Geneva Global works with clients to build such strategies, always with the target of transformative impact. We’ve been doing this in China for nearly a decade, both working with local partners to test, refine, and replicate effective services models and working with international donors to navigate the changing landscape in order to work effectively.

That was the goal of a program we designed and are currently managing for a client, and we are seeing some really exciting results.

Grantee partners for this program are given operational support over at least a few years so that they can respond to under-resourced social issues at a meaningful scale.

The support includes funding for improving internal monitoring and evaluation systems, expanding and replicating effective models, building stronger teams and governing bodies, and developing strategies and implementation plans to scale their work for future

These partners are pioneers and movement builders, working to bridge the gap between supply and demand by:

  • Serving as the risk-takers and model testers, finding solutions that themselves and others can deliver to achieve scale
  • Creating information platforms and peer-learning networks to spread ideas, encourage innovation, and link peer organizations to tools, skills, learning opportunities, and international best practices
  • Connecting information and service options to beneficiaries, families, and communities
  • Helping government to improve existing social welfare delivery by setting standards to monitor service quality

Because the NGO sector has such a critical role to play, supporting even a few effective organizations to achieve scale will:

  • Blaze the trail and instill confidence and a sense of possibility for others
  • Leverage government commitment to poverty alleviation by becoming trusted partners in rolling out solutions across the country, in alignment with long-term national policies

Donors can open doors to fund innovation and support systems change

Given this, we can envision the role that each stakeholder group—philanthropists, corporates, and foundations; NGOs and social enterprises; and government—could play to increase social impact in China.

Government: China’s government will not allow social sector organizations to grow to a size where they would have an outsized influence. In order to address the big needs in China, government sponsorship is the key path forward. Only government has the budget and organizing ability to conduct large-scale delivery. Local NGOs and philanthropies should help government by being the voice for what is needed and what is working on the ground.

NGOs and Social Enterprises: Those that stand to create the most impact are those that are given the runway to take risks by testing solutions, innovating, and proving effective models, so that the powerbrokers (government and philanthropies) can then fund the expansion or implement replication across the country.

Philanthropists: At its best, private funding is nimble, responsive, and willing to test and fail and retest until it gets the solution right.

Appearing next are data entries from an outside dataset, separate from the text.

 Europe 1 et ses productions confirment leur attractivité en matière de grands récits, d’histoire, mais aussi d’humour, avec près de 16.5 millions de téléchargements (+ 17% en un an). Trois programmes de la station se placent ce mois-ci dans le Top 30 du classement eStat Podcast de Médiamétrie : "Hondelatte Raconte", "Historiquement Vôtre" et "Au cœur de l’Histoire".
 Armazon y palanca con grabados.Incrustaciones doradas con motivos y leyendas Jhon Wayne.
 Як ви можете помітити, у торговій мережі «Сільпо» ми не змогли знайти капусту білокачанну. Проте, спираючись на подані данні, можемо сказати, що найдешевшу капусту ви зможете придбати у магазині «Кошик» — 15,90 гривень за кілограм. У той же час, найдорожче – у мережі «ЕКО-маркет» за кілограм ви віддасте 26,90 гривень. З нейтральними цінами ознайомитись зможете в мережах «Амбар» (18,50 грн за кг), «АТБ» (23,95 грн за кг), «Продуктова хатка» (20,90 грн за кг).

This segment’s value is not only in its financial resources, but more important in its ability to find and support social pioneers. Philanthropists can fill an important mentorship role to promising NGOs and social entrepreneurs. And by giving these organizations the freedom and flexibility to refine their solutions, lead as examples, and push the sector toward higher quality and greater reach, donors will create more long-term value for the sector and the country.

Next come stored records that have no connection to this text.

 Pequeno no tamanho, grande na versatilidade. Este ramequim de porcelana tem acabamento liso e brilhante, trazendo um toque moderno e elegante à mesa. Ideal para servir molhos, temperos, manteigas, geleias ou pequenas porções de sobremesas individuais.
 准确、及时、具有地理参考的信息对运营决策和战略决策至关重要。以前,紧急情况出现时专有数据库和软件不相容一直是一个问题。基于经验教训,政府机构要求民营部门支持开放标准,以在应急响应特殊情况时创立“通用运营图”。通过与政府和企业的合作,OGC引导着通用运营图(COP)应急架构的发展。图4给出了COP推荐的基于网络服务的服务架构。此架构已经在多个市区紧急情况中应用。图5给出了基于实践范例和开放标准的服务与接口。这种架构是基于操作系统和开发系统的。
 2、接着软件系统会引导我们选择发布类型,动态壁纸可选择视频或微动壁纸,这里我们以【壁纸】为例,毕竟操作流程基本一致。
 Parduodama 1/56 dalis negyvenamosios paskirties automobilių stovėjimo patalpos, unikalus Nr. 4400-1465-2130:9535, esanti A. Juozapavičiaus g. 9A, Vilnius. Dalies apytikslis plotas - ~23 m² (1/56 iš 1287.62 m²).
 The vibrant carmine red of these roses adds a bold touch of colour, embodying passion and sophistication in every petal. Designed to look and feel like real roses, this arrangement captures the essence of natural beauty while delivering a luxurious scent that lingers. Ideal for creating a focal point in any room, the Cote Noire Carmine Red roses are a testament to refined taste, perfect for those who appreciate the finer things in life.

Much of China’s local philanthropy has yet to recognize its own unique role, instead typically spending resources on service delivery and project implementation. We hope to see more of a shift in the future toward viewing philanthropy as a unique position from which to take the investment risks that government and individual organizations (on their own) cannot.

beneficiaries-1

There are important opportunities now, as China’s philanthropy movement transitions out of its current nascency and matures to fit the role that philanthropy can play in contemporary society—from buyer to builder, purchaser to investor, power broker to strategic partner.